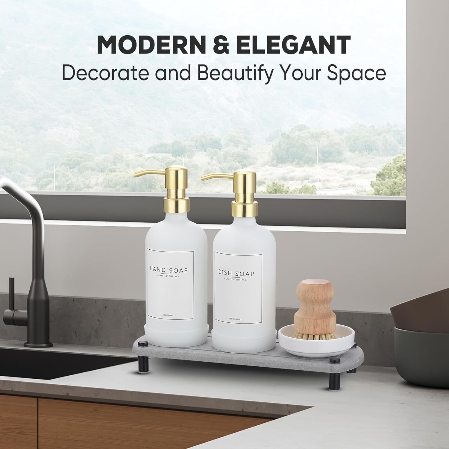 - KITCHEN SOAP DISPENSER SET INCLUDES:2Pcs white glass soap dispenser with gold stainless steel pump for kitchen sink,a instant stone drying sink tray,a Bamboo dish brush with tray,12pcs waterproof labels,2pcs non-slip silicone pads&foldable funnel.Both practical and elegant, the luxury soap dispenser set is the perfect kitchen and bathroom counter decor
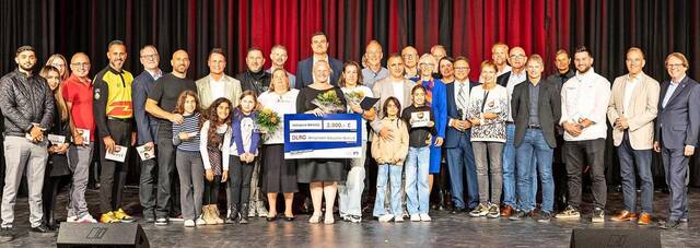 Höhepunkt bei der Feierstunde zur „Bunten Sole“ 2025: Die DLRG-Ortsgruppe wird nach der Preisvergabe eingerahmt von allen Geehrten und Beteiligten.Foto: sz-pa/rk
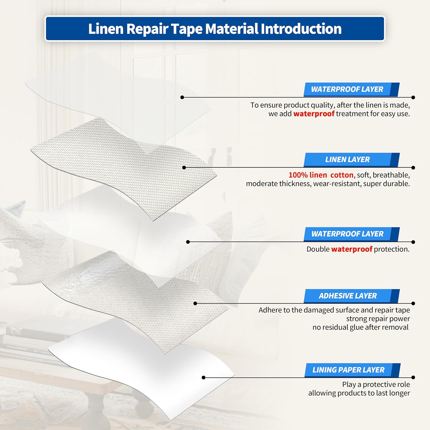 • Soft Fabric Repair Tape: Classic size 16" x 80", economical and practical, made of pure cotton linen repair tape, with a smooth and soft surface, comfortable and breathable, scratch-resistant and durable, it does not fade after long-term use, providing the comfort you desire while completing the repair.
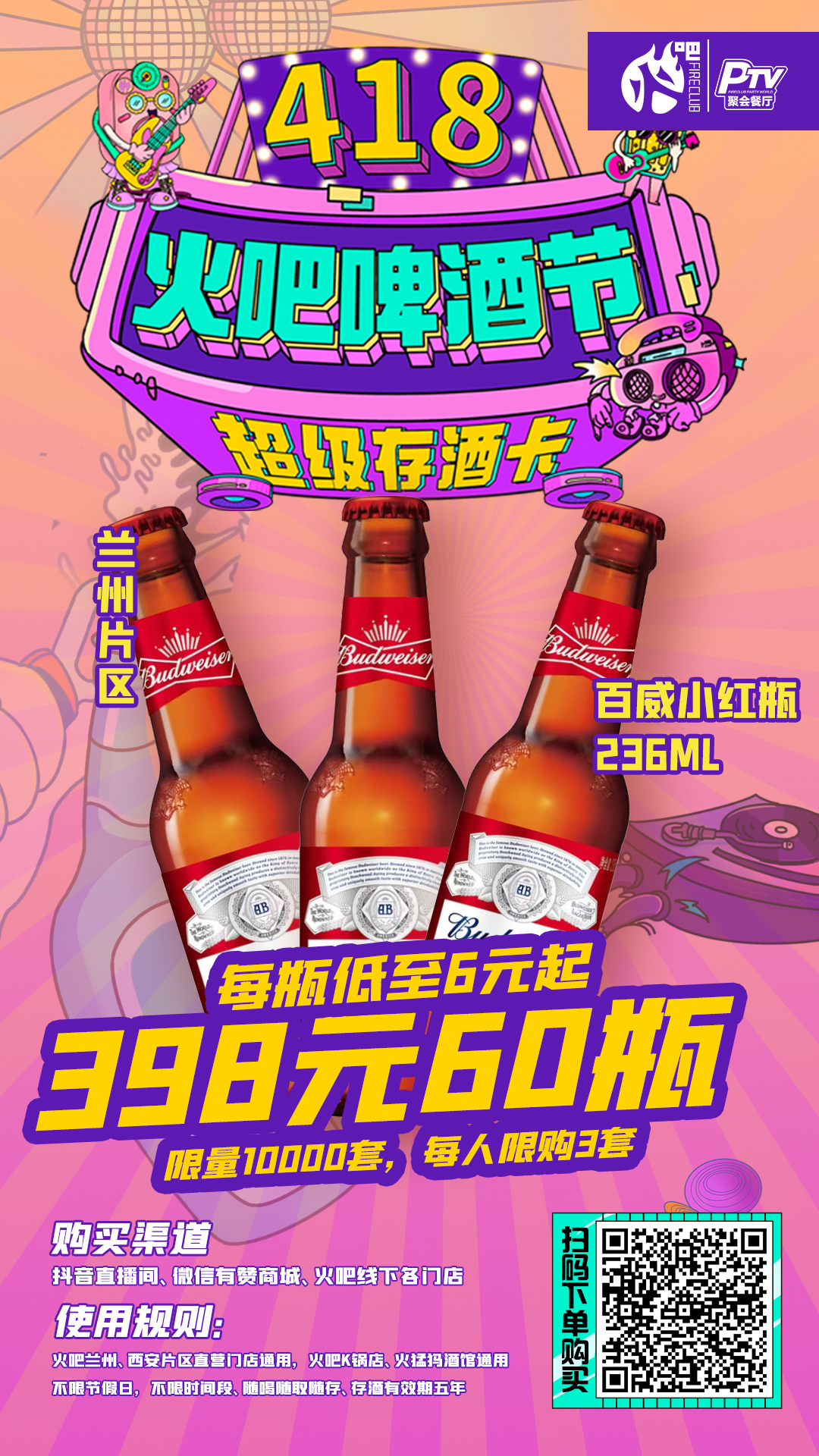 兰州片区-4月18日火吧啤酒节—超值存酒卡来了—398元60瓶百威小红瓶啤酒
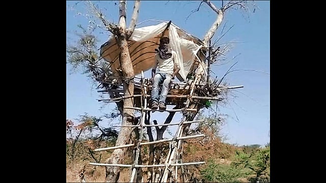 जयपूर (राजस्थान): जगभरात कोरोना व्हायरसने धुमाकूळ घालायला सुरवात केल्यानंतर देशात लॉकडाऊनची घोषणा करण्यात आली. लॉकडाऊनदरम्यान अनेकजण विविध ठिकाणी अडकून पडले होते. सरकारने परवानगी दिल्यानंतर अनेकजण घरी परतू लागले आहेत. पण, गाव त्यांना क्वारंटाईन केले जात आहे. यामुळे एकाने चक्क शेतामधील झाडावर राहण्याचे ठरवले.
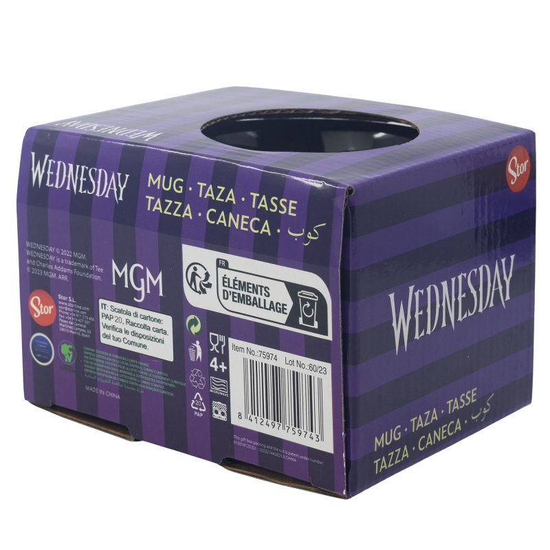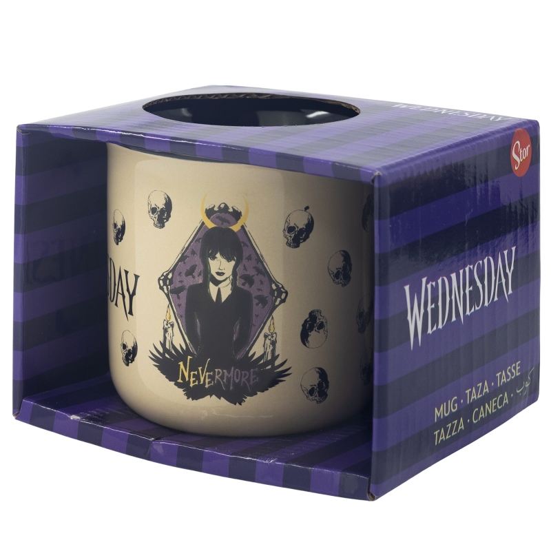 Imprimir informaciónTAZA CERAMICA DESAYUNO 400 ML WEDNESDAY EN CAJA DE REGALO
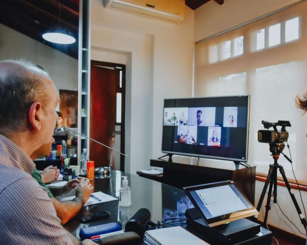 Posadas, 30 de marzo. Apelando a las nuevas tecnologías, el Gobernador no detuvo su agenda de trabajo y esta tarde mantuvo una reunión por videoconferencia con los jefes de bloques de la legislatura provincial. El uso de esta tecnología permitió respetar los protocolos de la emergencia sanitaria sin que eso repercuta en la agenda activa de trabajo que encara el mandatario provincial. En el encuentro participaron Martín Cesino, presidente del bloque Renovador, Liliana Rodríguez del Partido Libertad, Valores y Cambio; Javier Mela del bloque de la UCR; Jorge Ratier del PRO y Martín Sereno del Partido Agrario y Social.
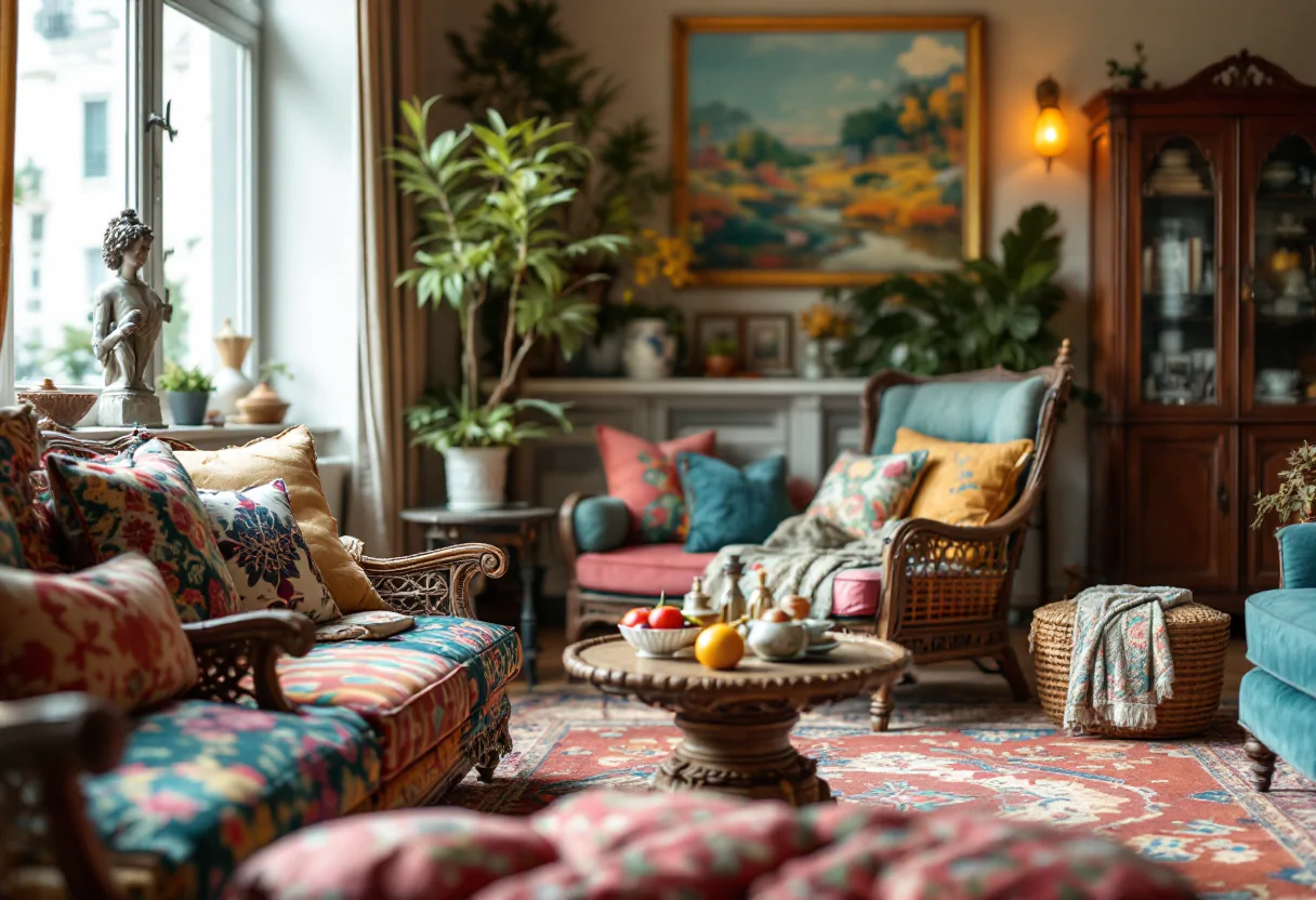 Gli accessori e le decorazioni giocano un ruolo chiave nel massimalismo. L’arte di stratificare è essenziale per ottenere un effetto ricco e sofisticato. Sovrapporre tappeti, combinare quadri di diverse dimensioni e mescolare oggetti di design con elementi vintage crea profondità e personalità. È importante evitare di sovraccaricare tutte le pareti: una combinazione equilibrata di zone decorate e spazi più neutri consente di valorizzare ogni elemento senza creare confusione. La scelta degli oggetti decorativi deve seguire una logica estetica e personale, evitando di affastellare troppe cose su ogni superficie.

========

**THE TASK**
If a record contains a picture, leave the picture out and return everything else exactly.

**TASK OUTPUT**
 - KITCHEN SOAP DISPENSER SET INCLUDES:2Pcs white glass soap dispenser with gold stainless steel pump for kitchen sink,a instant stone drying sink tray,a Bamboo dish brush with tray,12pcs waterproof labels,2pcs non-slip silicone pads&foldable funnel.Both practical and elegant, the luxury soap dispenser set is the perfect kitchen and bathroom counter decor
 Höhepunkt bei der Feierstunde zur „Bunten Sole“ 2025: Die DLRG-Ortsgruppe wird nach der Preisvergabe eingerahmt von allen Geehrten und Beteiligten.Foto: sz-pa/rk
 • Soft Fabric Repair Tape: Classic size 16" x 80", economical and practical, made of pure cotton linen repair tape, with a smooth and soft surface, comfortable and breathable, scratch-resistant and durable, it does not fade after long-term use, providing the comfort you desire while completing the repair.
 兰州片区-4月18日火吧啤酒节—超值存酒卡来了—398元60瓶百威小红瓶啤酒
 जयपूर (राजस्थान): जगभरात कोरोना व्हायरसने धुमाकूळ घालायला सुरवात केल्यानंतर देशात लॉकडाऊनची घोषणा करण्यात आली. लॉकडाऊनदरम्यान अनेकजण विविध ठिकाणी अडकून पडले होते. सरकारने परवानगी दिल्यानंतर अनेकजण घरी परतू लागले आहेत. पण, गाव त्यांना क्वारंटाईन केले जात आहे. यामुळे एकाने चक्क शेतामधील झाडावर राहण्याचे ठरवले.
 Imprimir informaciónTAZA CERAMICA DESAYUNO 400 ML WEDNESDAY EN CAJA DE REGALO
 Posadas, 30 de marzo. Apelando a las nuevas tecnologías, el Gobernador no detuvo su agenda de trabajo y esta tarde mantuvo una reunión por videoconferencia con los jefes de bloques de la legislatura provincial. El uso de esta tecnología permitió respetar los protocolos de la emergencia sanitaria sin que eso repercuta en la agenda activa de trabajo que encara el mandatario provincial. En el encuentro participaron Martín Cesino, presidente del bloque Renovador, Liliana Rodríguez del Partido Libertad, Valores y Cambio; Javier Mela del bloque de la UCR; Jorge Ratier del PRO y Martín Sereno del Partido Agrario y Social.
 Gli accessori e le decorazioni giocano un ruolo chiave nel massimalismo. L’arte di stratificare è essenziale per ottenere un effetto ricco e sofisticato. Sovrapporre tappeti, combinare quadri di diverse dimensioni e mescolare oggetti di design con elementi vintage crea profondità e personalità. È importante evitare di sovraccaricare tutte le pareti: una combinazione equilibrata di zone decorate e spazi più neutri consente di valorizzare ogni elemento senza creare confusione. La scelta degli oggetti decorativi deve seguire una logica estetica e personale, evitando di affastellare troppe cose su ogni superficie.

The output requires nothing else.